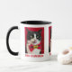This funny Christmas mug is purrfect for the cat lover! The design features Peaches the Tuxedo Cat with her tongue sticking out wearing a Christmas bow on a red background. Below her photo, are the words, "BAH HUMBUG." This mug will add a little cheer to your holiday. Copyright peachesthetuxedocat
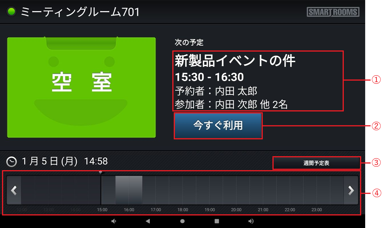 会議室が空いている場合は、以下のような「メイン画面」が表示されます。
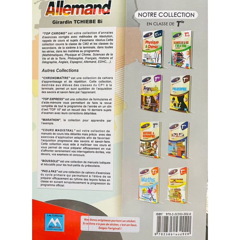 "TOP CHRONO" est votre collection d'annales d'exercices corrigés avec méthodes de résolution, rappels de cours et sujets d'examens résolus. Cette collection couvre la classe de cm2 et les classes du secondaire, de la sixième à la terminale, dans toutes les séries, dans les matières au programme.
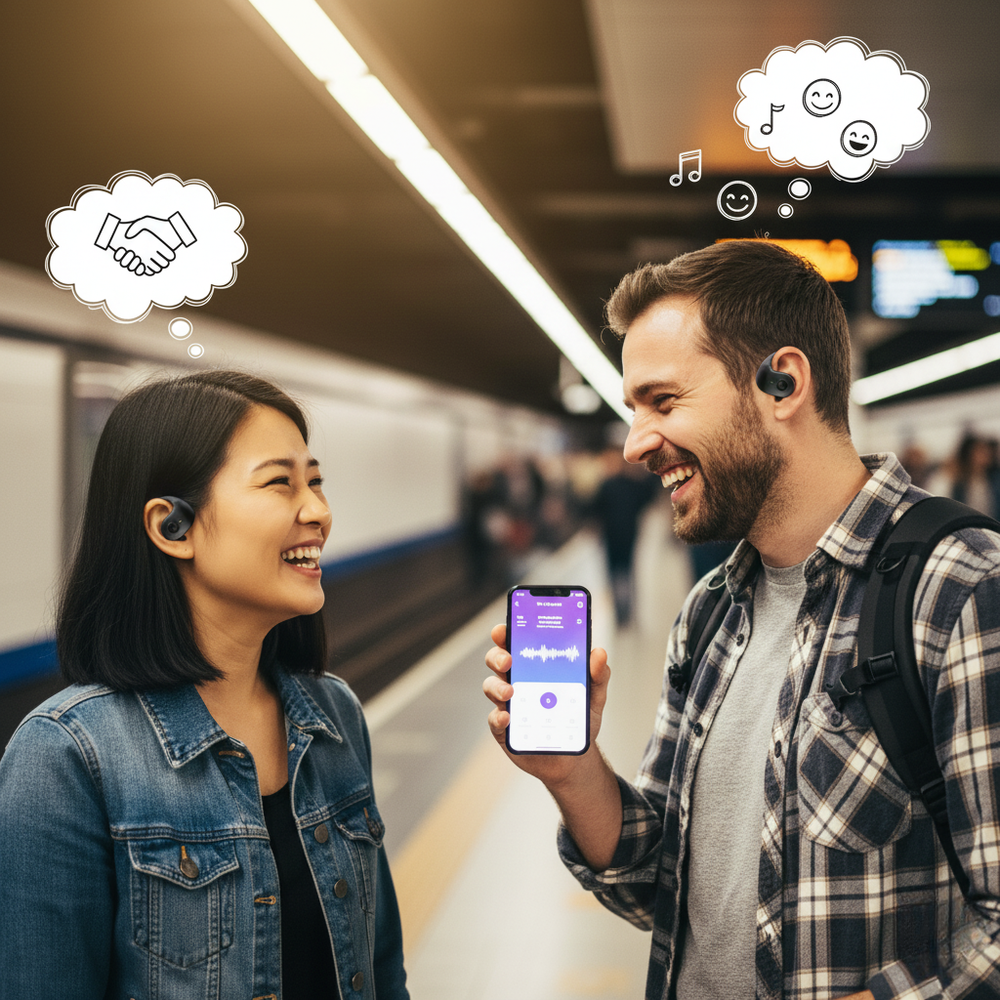 Our earbuds connect via Bluetooth to our dedicated app on your smartphone. When someone speaks, the earbuds capture the audio, send it to the app for instant AI translation, and then play it back in your ear in your chosen language, all in real-time.
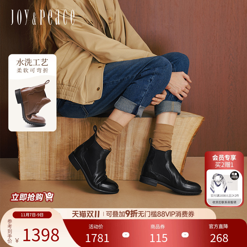 董洁同款真美诗自由诗新款柔软水洗牛皮英伦风经典切尔西靴短靴女
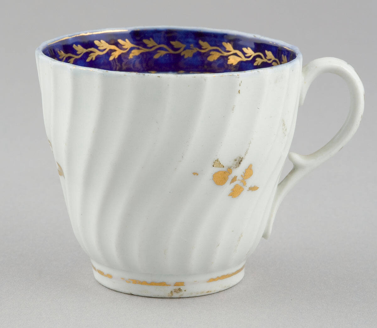 DescriptionWhite porcelain with fluted sides and swan neck handle. Interior border of dark blue edged in gold with gold foliate pattern through center of border. Ring around foot, three flowers on outside of cup and floral motif on handle painted in gold.
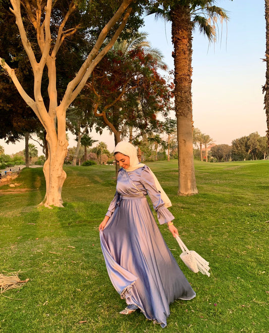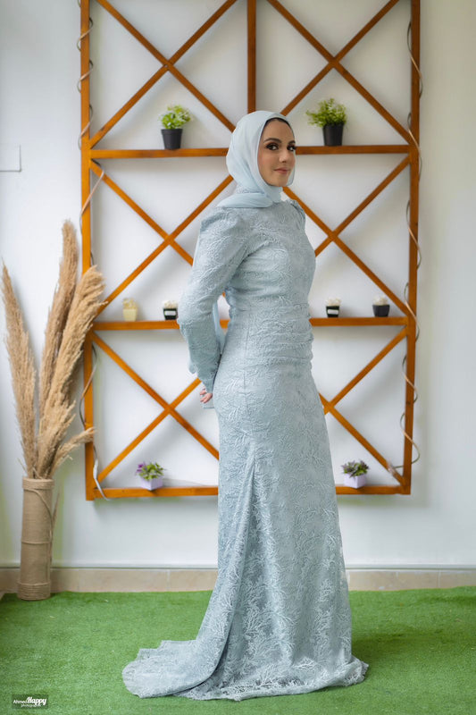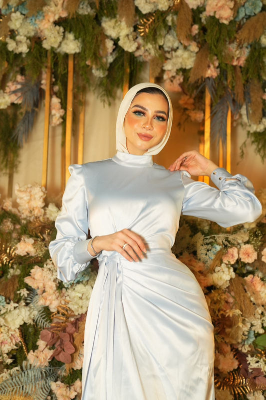 Baby-blue Embroidered Satin Soiree Dress with Extension

**********

## [Work task]
Although the records contain pictures, only the text should be copied, exactly as it stands.

## [Result]
This funny Christmas mug is purrfect for the cat lover! The design features Peaches the Tuxedo Cat with her tongue sticking out wearing a Christmas bow on a red background. Below her photo, are the words, "BAH HUMBUG." This mug will add a little cheer to your holiday. Copyright peachesthetuxedocat
 会議室が空いている場合は、以下のような「メイン画面」が表示されます。
 "TOP CHRONO" est votre collection d'annales d'exercices corrigés avec méthodes de résolution, rappels de cours et sujets d'examens résolus. Cette collection couvre la classe de cm2 et les classes du secondaire, de la sixième à la terminale, dans toutes les séries, dans les matières au programme.
 Our earbuds connect via Bluetooth to our dedicated app on your smartphone. When someone speaks, the earbuds capture the audio, send it to the app for instant AI translation, and then play it back in your ear in your chosen language, all in real-time.
 董洁同款真美诗自由诗新款柔软水洗牛皮英伦风经典切尔西靴短靴女
 DescriptionWhite porcelain with fluted sides and swan neck handle. Interior border of dark blue edged in gold with gold foliate pattern through center of border. Ring around foot, three flowers on outside of cup and floral motif on handle painted in gold.
 Baby-blue Embroidered Satin Soiree Dress with Extension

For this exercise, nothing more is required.